##### Data for processing #####

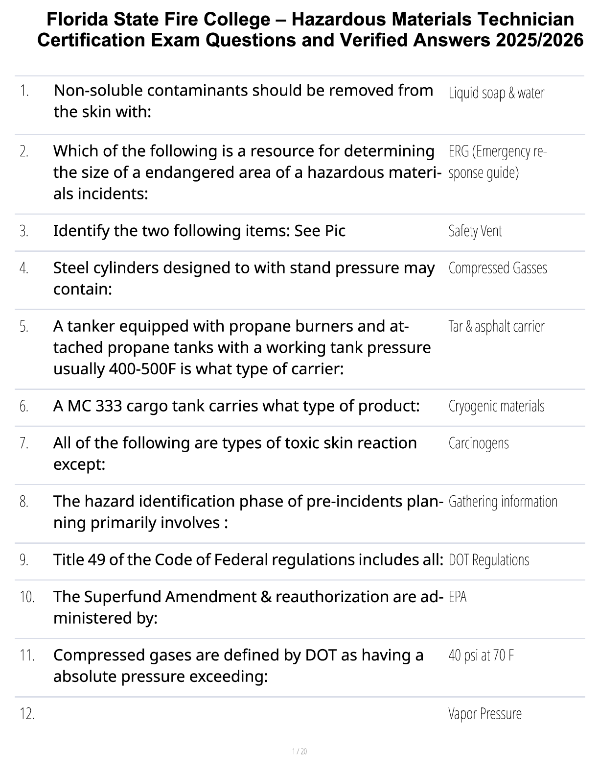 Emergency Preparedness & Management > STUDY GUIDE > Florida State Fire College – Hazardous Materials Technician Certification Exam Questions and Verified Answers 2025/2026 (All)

#####
##### Data for processing #####

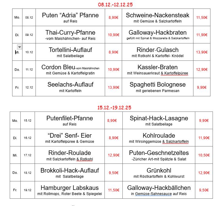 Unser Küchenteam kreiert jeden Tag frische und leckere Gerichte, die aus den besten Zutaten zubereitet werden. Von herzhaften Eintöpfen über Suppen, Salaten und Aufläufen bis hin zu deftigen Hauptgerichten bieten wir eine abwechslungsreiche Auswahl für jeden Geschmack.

#####
##### Data for processing #####

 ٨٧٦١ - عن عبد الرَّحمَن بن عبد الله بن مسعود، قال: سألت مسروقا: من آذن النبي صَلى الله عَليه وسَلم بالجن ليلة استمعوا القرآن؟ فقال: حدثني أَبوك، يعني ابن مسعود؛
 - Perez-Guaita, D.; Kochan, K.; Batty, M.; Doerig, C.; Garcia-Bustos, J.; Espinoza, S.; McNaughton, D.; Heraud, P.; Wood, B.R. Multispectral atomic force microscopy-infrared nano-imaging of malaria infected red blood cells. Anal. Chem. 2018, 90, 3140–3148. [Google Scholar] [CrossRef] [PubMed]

#####

After locating the line holding "٨٧٦١ - عن عبد" above, output exactly that line and every line after it through the line holding "- Perez-Guaita, D.;". Include nothing else.

# Solution for this problem
 ٨٧٦١ - عن عبد الرَّحمَن بن عبد الله بن مسعود، قال: سألت مسروقا: من آذن النبي صَلى الله عَليه وسَلم بالجن ليلة استمعوا القرآن؟ فقال: حدثني أَبوك، يعني ابن مسعود؛
 - Perez-Guaita, D.; Kochan, K.; Batty, M.; Doerig, C.; Garcia-Bustos, J.; Espinoza, S.; McNaughton, D.; Heraud, P.; Wood, B.R. Multispectral atomic force microscopy-infrared nano-imaging of malaria infected red blood cells. Anal. Chem. 2018, 90, 3140–3148. [Google Scholar] [CrossRef] [PubMed]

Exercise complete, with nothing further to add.